The tap and fwbr interfaces already has an IP address. How can that be? We never configured it to be a dhcp client. That’s because two more steps are necessary for Proxmox to get internet and I have already performed them.

Configuration for Proxmox

We have a few requirements:

  1. Proxmox is a DHCP client but it should get the same IP everytime. That is, a fixed lease is needed on the external gateway but moreso, the MAC address of the bridge (tap, fwbr) interface should remain same.
  2. Proxmox needs a networking restart after it receives IP assignments via DHCP. Otherwise it does not respond to packets.
  3. Proxmox should ask for IP assignment after the OpenWRT VM has started AND has gotten an IP from our external gateway.

Let’s tackle all the problems!

Proxmox VM Hookscripts

NO LONGER NEEDED

This hookscript will cause problems such as a DHCP broadcast from travelling through the bridge and should be avoided.

With a snippet of documentation, Proxmox has a feature called hookscripts which is basically what it sounds like: do an action based on a trigger. In this case, the trigger is set. Proxmox will run your hookscripts before and after the VM starts, and before and after the VM stops. The onus is on the user to configure the hookscript to choose between those triggers. … and the hookscripts must be in perl!

Luckily, Proxmox provides an example hookscript at /usr/share/pve-docs/examples/guest-example-hookscript.pl and it looks like this:

#!/usr/bin/perl
 
# Exmple hook script for PVE guests (hookscript config option)
# You can set this via pct/qm with
# pct set <vmid> -hookscript <volume-id>
# qm set <vmid> -hookscript <volume-id>
# where <volume-id> has to be an executable file in the snippets folder
# of any storage with directories e.g.:
# qm set 100 -hookscript local:snippets/hookscript.pl
 
use strict;
use warnings;
 
print "GUEST HOOK: " . join(' ', @ARGV). "\n";
 
# First argument is the vmid
 
my $vmid = shift;
 
# Second argument is the phase
 
my $phase = shift;
 
if ($phase eq 'pre-start') {
 
    # First phase 'pre-start' will be executed before the guest
    # is started.

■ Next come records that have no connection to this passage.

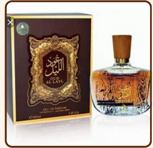
OUD AL LAYL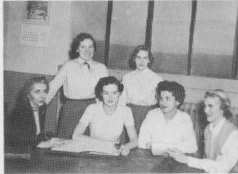
Picture Scheduling Committee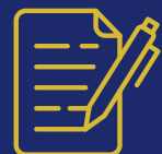
FREE WILL WRITING SERVICE

Staff can work across our family of schools, enabling our academies to benefit from wider expertise and to offer individuals fresh opportunities. Quality of life outside work significantly shapes the way in which people perform, so the need to achieve a healthy work/life balance is an important aspect of our commitment to staff.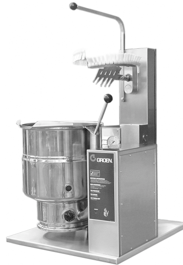
Model TDB TA/2

Electrically heated Table top mounted Tilting Kettle Tilt out Agitator Drive System Variable Speed Agitator Controls For 20 and 40 quart kettles TDB-20, TA/2 TDB-40, TA/2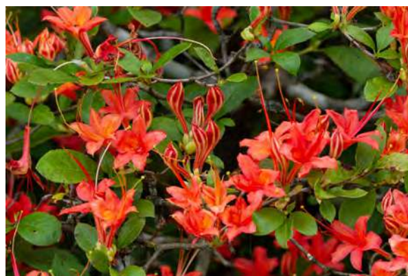
R. prunifolium.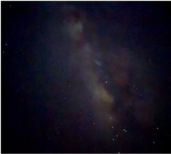
View of the Milky Way from Moriarty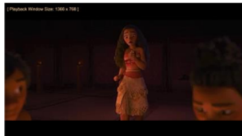
Figure 6. Moana want to accompanied her grandma who is getting sick (id)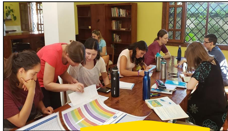
Students working on data analysis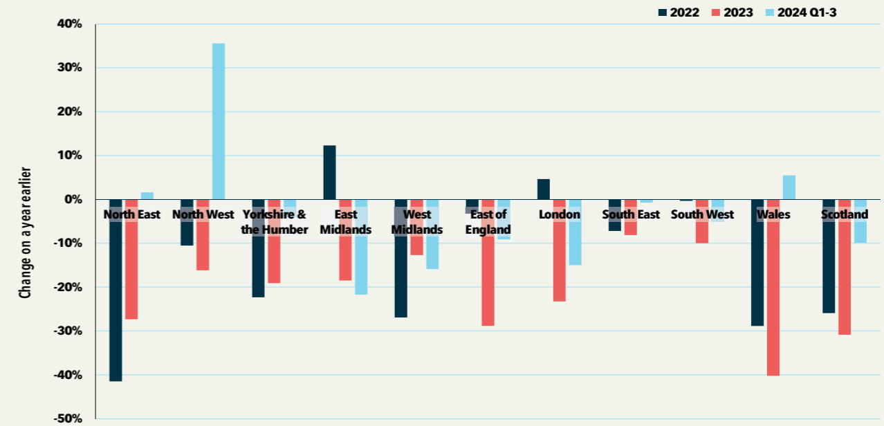
Chart 2: Residential planning approvals by region (No. of units)

N.B. Includes residential projects of all sizes, residential units on non-residential schemes and conversions.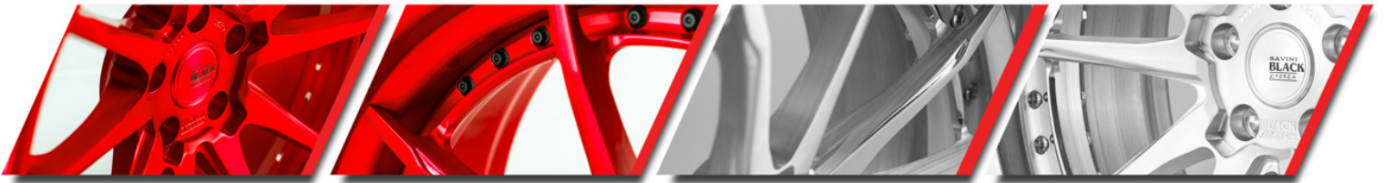
BRUSHED HIGH POLISH

Exiting with a code != 0 will abort the start
 
    print "$vmid is starting, doing preparations.\n";
 
    # print "preparations failed, aborting."
    # exit(1);
 
} elsif ($phase eq 'post-start') {
 
    # Second phase 'post-start' will be executed after the guest
    # successfully started.
 
    print "$vmid started successfully.\n";
 
} elsif ($phase eq 'pre-stop') {
 
    # Third phase 'pre-stop' will be executed before stopping the guest
    # via the API. Will not be executed if the guest is stopped from
    # within e.g., with a 'poweroff'
 
    print "$vmid will be stopped.\n";
 
} elsif ($phase eq 'post-stop') {
 
    # Last phase 'post-stop' will be executed after the guest stopped.
    # This should even be executed in case the guest crashes or stopped
    # unexpectedly.
 
    print "$vmid stopped. Doing cleanup.\n";
 
} else {
    die "got unknown phase '$phase'\n";
}
 
exit(0);

While I don’t necessarily understand perl, I do understand bash which means I’ll make perl call bash. Using bash, there are two important problems to solve:

  1. Run dhclient after VM starts and gets an IP address.

    This is solved by simply running /usr/sbin/dhclient.

  2. To get the same IP everytime, one of the interfaces need to have a fixed MAC Address. To set a fixed MAC, we can use ip link set <dev> address <mac-address>.

    And apparently, it needs to be the fwpr100p interface. I haven’t figured out why yet.

fwpr interface

If the NIC has the firewall toggle enabled then as shown below, fwbr100i0 is indeed the default gateway interface. If it’s not then the outgoing interface is simply the interface that is used for tunnelling traffic in and out of the VM: tap100i0.

An ip route confirms my guess.

# ip route
default via 10.0.0.1 dev fwbr100i0
10.0.0.0/24 dev fwbr100i0 proto kernel scope link src 10.0.0.188
10.0.0.0/24 dev fwpr100p0 proto kernel scope link src 10.0.0.172
10.0.0.0/24 dev tap100i0 proto kernel scope link src 10.0.0.209  
  1. Run systemctl restart networking once Proxmox’s interfaces get an IP address.

    This is solved by making sure the command runs after dhclient.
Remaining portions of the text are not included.